On the one hand, most management literature focuses on empowering, inspiring leaders who get things done through others – on the other hand, on the front pages of the media we mostly encounter larger-than-life egos such as Amazon’s Jeff Bezos, Oracle’s Larry Ellison, WPP’s Martin Sorrell or LVMH’s Bernard Arnaut. In brief, people who rule their organisations through a combination of charisma and aggression.

But why do management thinkers “espouse the virtues of introverted, softly-spoken leaders, when so many of the actual role models in the business world range from boisterous to bully?”, asks Birkinshaw. Well, the press does rarely report stories about the quiet leaders who stay out of the limelight. Another part of the answer is: we delude ourselves. As Stanford Professor Jeffrey Pfeffer observes: “We secretly like the confident, overbearing people because they provide us with confidence – emotions are contagious – and also present themselves as winners. We all want to associate with success.”

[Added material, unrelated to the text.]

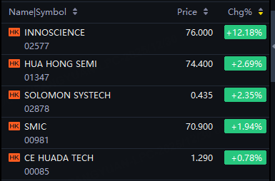 Innoscience rose 12%; Hua Hong Semi up 3%; SMIC, Solomon Systech up 2%; CE Huada Tech up 1%.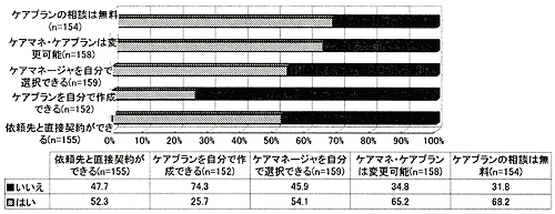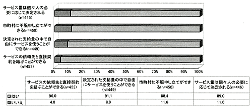[CIL]77%の人が支援費制度の主な特徴を全て把握している。全く知らない人は、2.4%のみ。合計利用時間の多い人ほど、支援費制度について把握しており( CIL版図20)、居住形態では、親族と同居し親族から介助を受けている人の認知度が低い( CIL版表5)。

But perhaps the key point is that we want different types of leaders for different challenges, argues Birkinshaw: a company in a crisis needs a turnaround specialist who can act decisively, one transitioning from good to great is better off with one of the quiet team-players.

In the end, the world needs balanced leaders, equally adept at operating with two different styles. “They should be capable of stepping in and taking charge, but also able to step back and let others call the shots,” says Birkinshaw.

How do you know when to step in? Robert Burgelman developed the concept of ‘strategic dissonance’, which is a growing disconnect between what a leader is trying to do and what is actually happening. If the boss talking up the company’s digital information strategy, but salespeople are continuing to sell paper-based subscriptions, then you have an acute case of strategic dissonance. To monitor it, leaders need to get unfiltered, real-time information from those on the front line and an inner circle of advisors to help make sense of the often-contradictory views they hear. Also needed is the power to enforce the changes. Pascal Cagni, former head of Apple Europe, calls this ‘benevolent dictatorship’. He says most large firms’ decision-making processes are consensus-oriented, so when faced with big strategic calls, they default to protection of the status quo.

To overcome this inertia, you need strong leaders who are prepared to knock a few heads together and put their credibility on the line.